George, I'm a recent subscriber to the GTR. Your comments on the Mead analog camera are interesting, and if everything stayed the same it would likely displace film. However, the competition isn't just film, it's digital methodology, and things don't stay the same. Digital cameras will follow Moore's law and continue to rapidly improve. Film has reached a level where only minimal improvements are possible. Mead's previous innovations in hearing and fingerprints were rapidly overtaken by a digital DSP core with an analog front end to translate the real world. Why won't this happen with cameras too? The only difference I can see is the complexity of visual information. How does the Mead solution improve on the actual sensor methodology to detect the light photons? I think this may be one of the main problems with present digital technology.

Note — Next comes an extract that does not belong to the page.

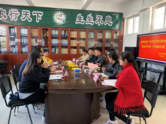 2019年11月29日,广东省外语艺术职业公司应用外语公司党总支书记杨永华一行4人到公司交流学习。公司党总支书记陈丹雄、副书记周超雄,辅导员周静静、高结怡、苏登、孙晓芳参与交流。交流会由陈丹雄主持。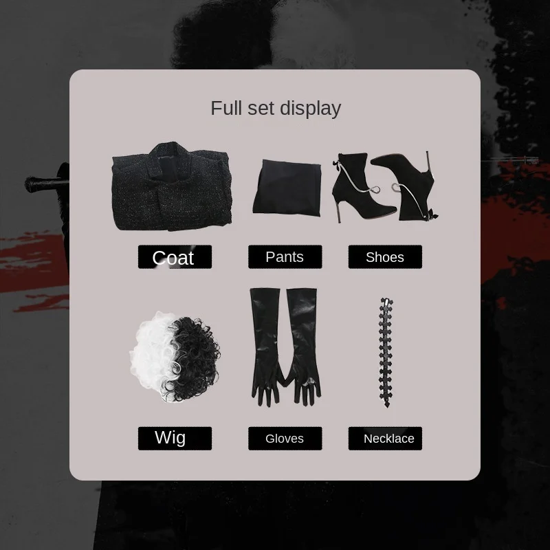 Костюм Cruella COS, черная ветровка, куртка Cospaly Cruella De Vil, полный комплект, европейские фильмы, для вечевечерние НКИ на Хэллоуин, Женский комплект

To: George Gilder who wrote (32272)6/2/1999 9:14:00 AM
From: Bob A Louie  Read Replies (1) | Respond to of 33344
 
<Richard Lyon, chief scientist of Foveon, credits that smooth work to system integration. "Instead of retrofitting a film camera for digital chips, we rethought the whole system and redesigned every part: optics, sensors, hardware, software, user interface." >

<A product should hit the market by year-end in the $10,000-to-$30,000 range>

<"We don't ever want to sell $100 cameras," >

This doesn't sound like an "Intel" strategy. Seems like Foveon wants to be in the camera business, not the chip business.